Also during the execution of the coding, in particular of the iteration step S2g, or during the decryption, the inverse basic transformation instructions t1 to f1A, in particular at the iteration step S39, depending on bi, c, and p be modified.
The number of possible transformations g increases (28)! = 10506. These are all possible transforms of 8-bit bytes. By this measure, an unauthorized access to the plain text without knowledge of the password and the plaintext is almost impossible. As a result of this measure, the time required for the ninth iteration step S29 or during the decryption at iteration step S39 becomes significantly longer.
A favorable application of a special transformation rule h for the STREAM processing according to the first embodiment of the invention is to modify the special transformation rule h during the encryption of the first 256 bytes and then to leave it unchanged. But always stay active for the rest of the data.
A favorable application of a special transformation instruction h for the BLOCK processing according to the second or third embodiment of the invention consists in not applying and / or not modifying the special transformation rule in the first forward coding and the special coding method for the first reverse coding. Apply and / or modify transformation rule but to make a modification of this only for the first 256 encryptions.
A further favorable application of a special transformation rule h for the BLOCK processing according to the second or third embodiment of the invention is the special transformation rule h created when the first data block is coded during the processing of the following data blocks unchanged during the forward and / or reverse coding use.

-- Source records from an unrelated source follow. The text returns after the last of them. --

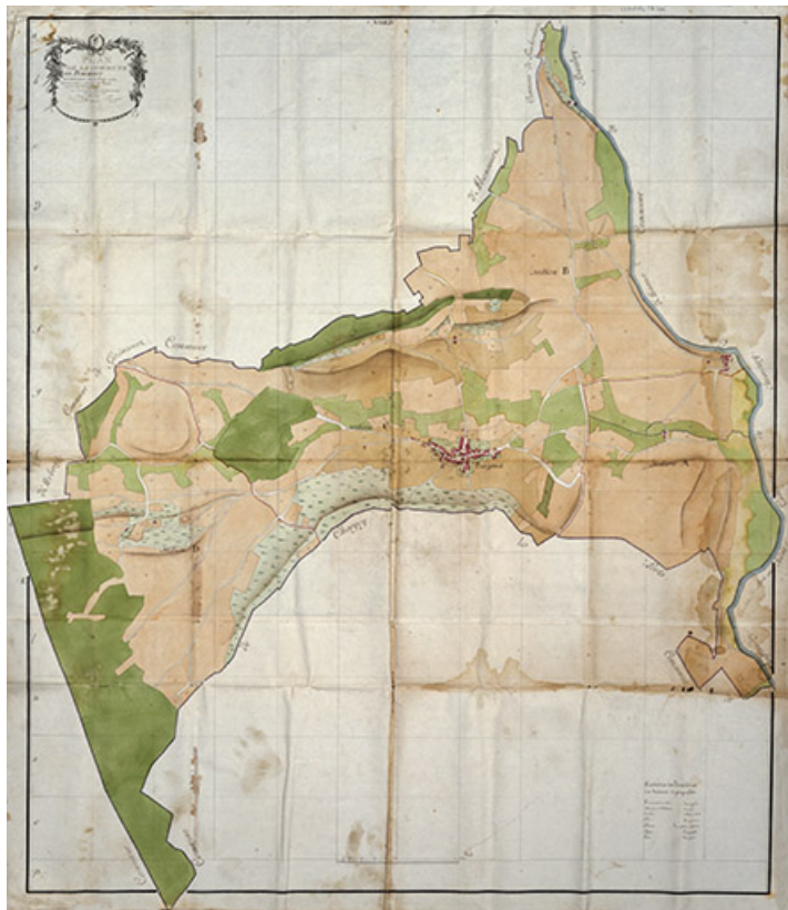
Plan de la commune de Purgerot, 8 germinal de l 'an XIII (29 mars 1805). 70, Purgerot
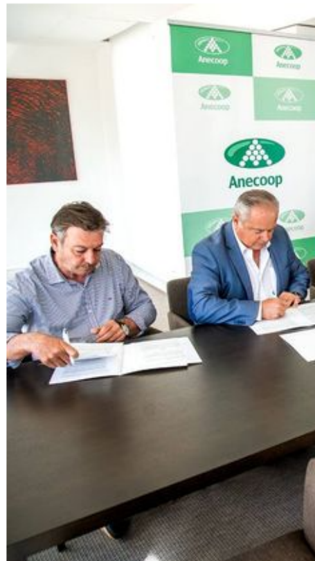
Firma del acuerdo HortiGO2 con Ar tribunal de las aguas.

Nace para ayudar a nuestro entorno inmediato de forma colaborativa a buscar una vía de apoyo al mantenimiento de la actividad en la huerta valenciana
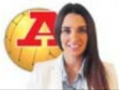
por TÂNIA FERREIRA VITOR

O espaço onde o futebolista deixa o relvado e mostra o que poucos conhecem
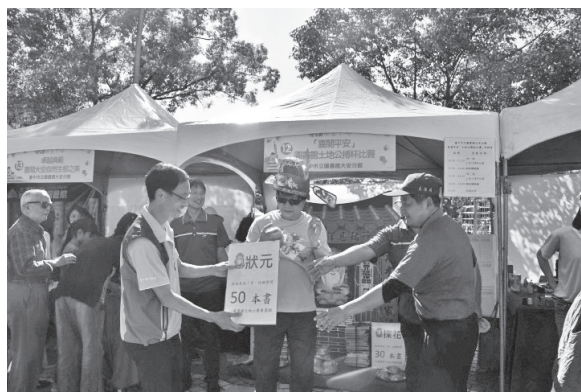
教育部長葉俊榮參與閱讀黃金十年成果展攤位

臺灣閱讀節的重點活動—閱讀嘉年華會為全國引頸期盼的重要年度盛會，展現圖書館閱讀推廣的熱情，也是閱讀黃金十年一路走來重要的成果，希望藉由辦理全國大型閱讀節慶喚醒民眾找回閱讀的樂趣，用閱讀改變人生。107年的活動內容包括：
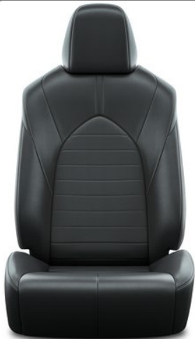
Textilleder, schwarz (EB20)

During decryption, the inverse h'1 of the special transformation rule h is used accordingly and, if necessary, also modified accordingly.
initialization
In the following, a possible advantageous embodiment of an initialization of the random number generator 212, a transformation unit 213 and the encryption machine 200 will be described with reference to FIG. 12, wherein the initialization can be used for all of the embodiments of the invention presented above. Basically, the specific way of initializing the encryption engine 200 is determined by the password W0 used in the encryption. The password W0 is transmitted to an initialization unit that performs the following steps.
In Fig. 12, the initialization of the encryption engine 200 is shown.

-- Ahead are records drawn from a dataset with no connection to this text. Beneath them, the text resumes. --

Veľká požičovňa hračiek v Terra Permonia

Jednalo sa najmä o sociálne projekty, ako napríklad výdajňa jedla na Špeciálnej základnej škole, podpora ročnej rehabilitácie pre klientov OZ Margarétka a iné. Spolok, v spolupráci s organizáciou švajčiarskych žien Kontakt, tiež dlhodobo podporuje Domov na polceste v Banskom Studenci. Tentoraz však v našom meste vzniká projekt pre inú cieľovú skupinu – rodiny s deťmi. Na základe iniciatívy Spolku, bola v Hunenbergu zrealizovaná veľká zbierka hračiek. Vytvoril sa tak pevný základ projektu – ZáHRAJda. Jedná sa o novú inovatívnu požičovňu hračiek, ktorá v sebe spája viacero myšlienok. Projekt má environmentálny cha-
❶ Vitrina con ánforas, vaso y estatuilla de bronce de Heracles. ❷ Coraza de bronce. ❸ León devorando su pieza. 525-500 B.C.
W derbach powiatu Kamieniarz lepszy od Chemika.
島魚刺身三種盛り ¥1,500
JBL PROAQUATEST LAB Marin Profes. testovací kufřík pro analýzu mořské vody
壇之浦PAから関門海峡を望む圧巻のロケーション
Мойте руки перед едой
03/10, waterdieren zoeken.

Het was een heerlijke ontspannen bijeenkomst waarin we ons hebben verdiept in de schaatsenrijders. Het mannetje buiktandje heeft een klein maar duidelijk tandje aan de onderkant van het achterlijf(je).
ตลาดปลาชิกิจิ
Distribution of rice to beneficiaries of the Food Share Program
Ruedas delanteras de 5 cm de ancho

In a first step, a start random number generator 212-UR is used, which is known in advance and, in principle, can be made generally known.
The password W0 is provided by the user before the encryption of the raw data. The password W0 is a number of sequentially arranged bytes of 8 bits per byte. In order to be able to exclude the effects of different passwords W0 with the same beginning as far as possible, the respective password is preceded by its length in bytes. Alternatively or additionally, the password W0 can also be preceded by a check sum. If the length of the password falls below a predetermined value, the password W0 is extended by repeating or consecutive stringing of the password to the predetermined length and a start password WN is created in a password creation step S101.

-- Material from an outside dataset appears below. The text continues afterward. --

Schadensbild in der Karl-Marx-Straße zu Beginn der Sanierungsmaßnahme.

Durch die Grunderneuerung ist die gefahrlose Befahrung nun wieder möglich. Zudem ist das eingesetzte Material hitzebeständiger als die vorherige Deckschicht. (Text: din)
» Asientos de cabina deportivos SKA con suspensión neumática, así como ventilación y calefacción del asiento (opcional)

Subsequently, a first encryption engine 200a is initialized with values resulting from the start password WN and the values of the seed random number generator 212-UR. The start password WN and the values of the start-up random number generator 212-UR are supplied to a linking unit 219a in steps S102a and S103a. The initial password WN and the random numbers of the seed random number generator 212-UR are linked there, for example, by bit-wise exclusive-or-combining (XORing) corresponding bytes, the resulting values being used to initialize the first encryption engine 200a, i. for determining its inner state, in particular the inner state of its transformation unit 213a in step S105a and its random number generator 212a used in step S104a. Subsequently, the start password WN is encrypted by the first encryption machine 200a in an encryption step S106a, and a first password Wa is obtained.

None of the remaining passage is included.